Besides restoring my sanity, there are other good and more important reasons for the lack of flexibility in Catholic liturgy and wedding vows. Namely, since marriage is a covenant between a couple and God, Catholics simply can’t write their own vows. The president of the Filipino bishops’ conference, Archbishop Socrates Villegas, recently wrote that personal expressions “should not be mixed in with the church’s liturgy because this diminishes, confuses, and spoils the action of Christ himself in the sacrament.” The liturgy does not belong to us. We can’t change it.
Try telling your average engaged couple that their wedding Mass doesn’t belong to them. If you’re a wedding vendor, you’d probably be fired. But a celebration of love and the sacrament of marriage should celebrate not the couple’s love but rather the fact that their love is of God and depends on God. “I promise to love you even when you don’t empty the dishwasher” doesn’t really do that justice.

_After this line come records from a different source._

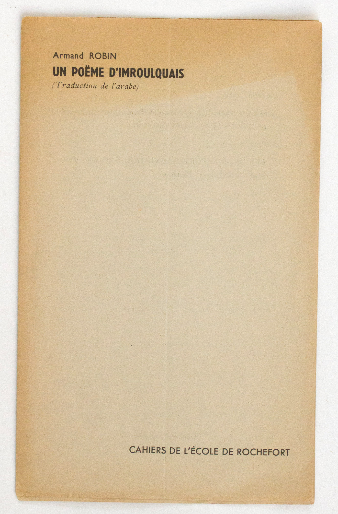 Un Poeme D Imroulquais Traduction De L Arabe By Robin Armand Imrou L Qays 1944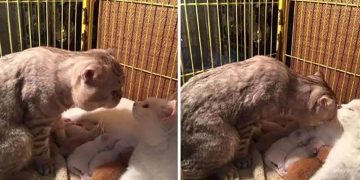 CatsAfter mother cat gave birth, she was exhausted. So, father cat came along to show his love and appreciation!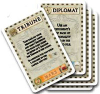 All played cards form a personal discard pile showing only the last card played. With the Tribune, a player takes back all cards previously played.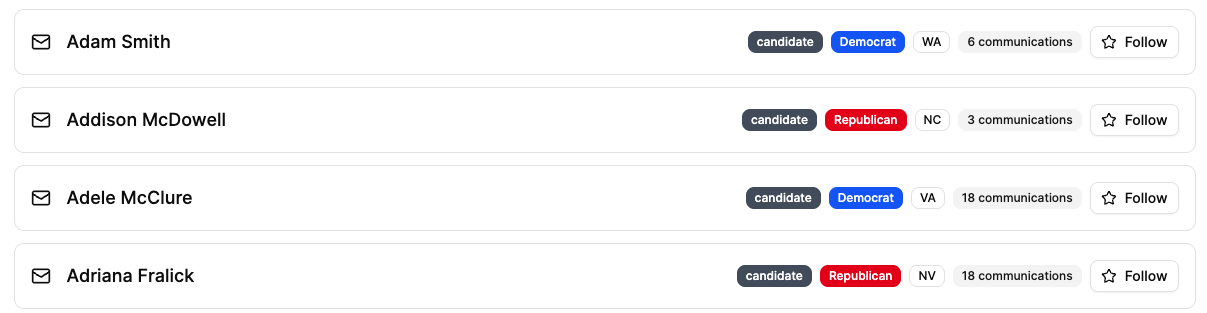We added the ability to follow a campaign when you are viewing them in the directory. Following a campaign allows you to track specific candidates and see only the content from those you follow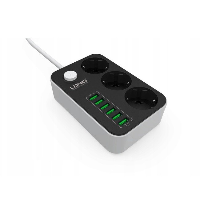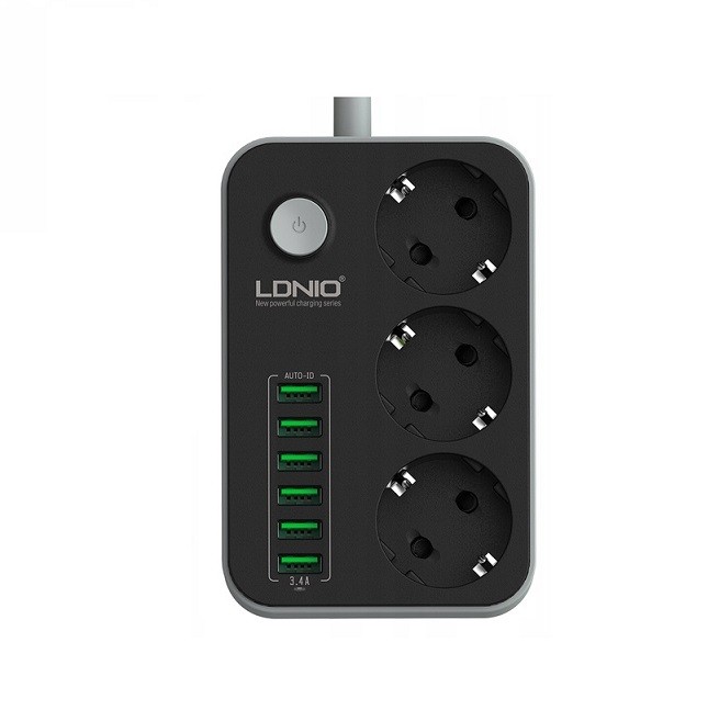 Prelungitor LDNIO cu 3 prize 220V si 6 porturi USB, perfect pentru casa sau biroul dumneavoastra.

Secondly, words matter, and although I have a degree in writing I had experienced neither a single day nor an entire lifetime of marriage. Who were Jake and I to decide what would be important for us to promise at the altar? I could certainly write genuine and loving words, but I don’t believe I could have articulated vows that address the long-term implications of married life. I fear they would have sounded more like overwritten sappy Instagram captions than an agreement between two people and God. And so we planned to recite the following: “I promise to be true to you in good times and in bad, in sickness and in health. I will love you and honor you all the days of my life.”
Jake and I weren’t the first, we weren’t the last, we weren’t even the only couple to recite those vows at that church on that day. Our vows didn’t need any extra embellishment or personal touches; our love is bigger than ourselves and is certainly bigger than we could have ever put into our own words. Thankfully, the church offers words for us to use. After 16 months of fretting, I vowed those unoriginal vows in that unoriginal wedding dress that thousands of other women apparently wore to their weddings as well. Some of them may have even recited the same vows. Cheers to them.
This article also appears in the August 2018 issue of U.S. Catholic (Vol. 83, No. 8, pages 23–24).